Auditory processing disorder affects approximately two to seven percent of the U.S population. APD refers to difficulties in processing auditory information in the central nervous system. Many people with APD, may have normal hearing, but also tend to experience difficulty in receiving, organizing, and understanding speech. The symptom complex of APD is broad due to how it differs from person to person. Our Lady of the Lake University student, Nicky Haskins, shares his story on living with APD and the best ways you can manage.

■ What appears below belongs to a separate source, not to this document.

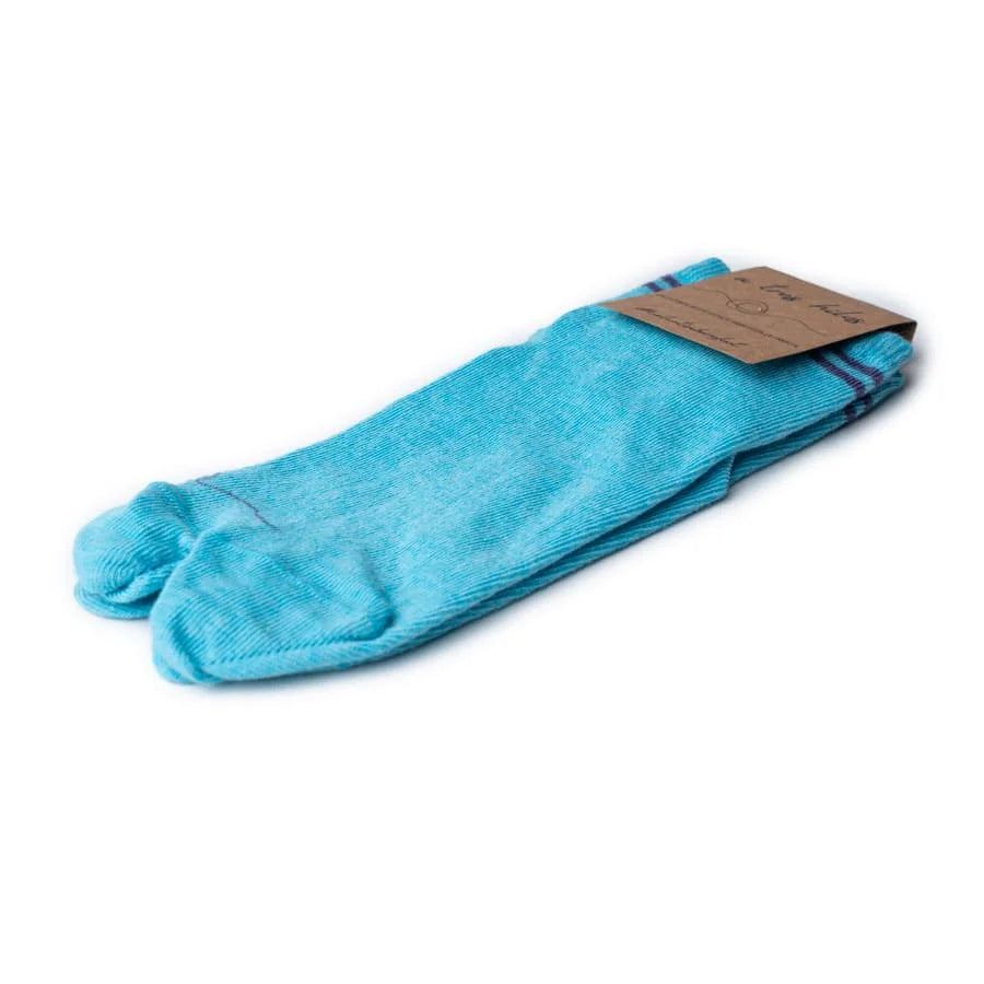 El tono azul cielo, suave y luminoso, transmite frescura y calma. Su puntera tabi, que separa el dedo gordo, facilita un movimiento más natural y flexible, mejorando el equilibrio, la estabilidad y la conexión con el suelo.

The best way Haskins can describe APD is “as a driver so you know you have your computer and a mouse and there’s a driver that connects the two, so my brain is the computer, my ears are the mouse, and they both work perfectly fine, but the driver is really messed up, so the mouse doesn’t always work.”

Haskins attended a small school when he was younger, so the signs were not noticeable until later in life. He first noticed early signs of APD at age 19, when he got yelled at during work one day. However, he was not officially diagnosed by an audiologist until 2021. Haskins said that his APD worsen during covid due to the masks interfering with understanding others speech.

He explained that before the best way to deal with APD was by reading lips and always using subtitles. “And I’ve noticed a lot of people do too online, they’re always like I need to read to be able to hear and you’ll see jokes about it and it’s probably APD now thinking about it.”

Haskins tries his best to bring more attention to APD and had many friends open up to similar situations. He hopes to help people and his friends by providing places you can go for it. Haskins pointed out that APD is also common for those who have ADHD and dyslexia.

Now, Haskins’ best way of dealing with it is hearing aids and taking notes on time. At first, he felt embarrassed about hearing aids because he explains that his “ears aren’t the problem it’s the connections.” Haskins also said, “most people when they hear specifically about hearing aids, they think it’s hearing loss which it’s not, it was trickier of things to find out.”

He also mentioned that you can get training as a treatment for APD. “That would probably take forever, and I would probably forget about it. Hearing aids would probably be cheaper in the long run I figured, and they are very convenient.”

Haskins recommended that anyone seeking treatment for APD should see an audiologist. When he visited, they gave him a list of accommodations that featured apps to use, a recommendation to get tested for dyslexia, auditory games, recommended preparing notes before class, hearing aids, and visual and auditory reinforcements.

Here is a list of the specific accommodations Haskins recommended:

  • Computer games such as Hear Builders
  • Auditory only games such as Simon Says
  • Computer-based Programs such as Fast for Word
  • iPad App called “Auditory Processing Studio.”
  • The book “When the Brain can’t hear.”
  • Transcribing app such as Otto. (Free version limits some of the features, but there is a pro version.)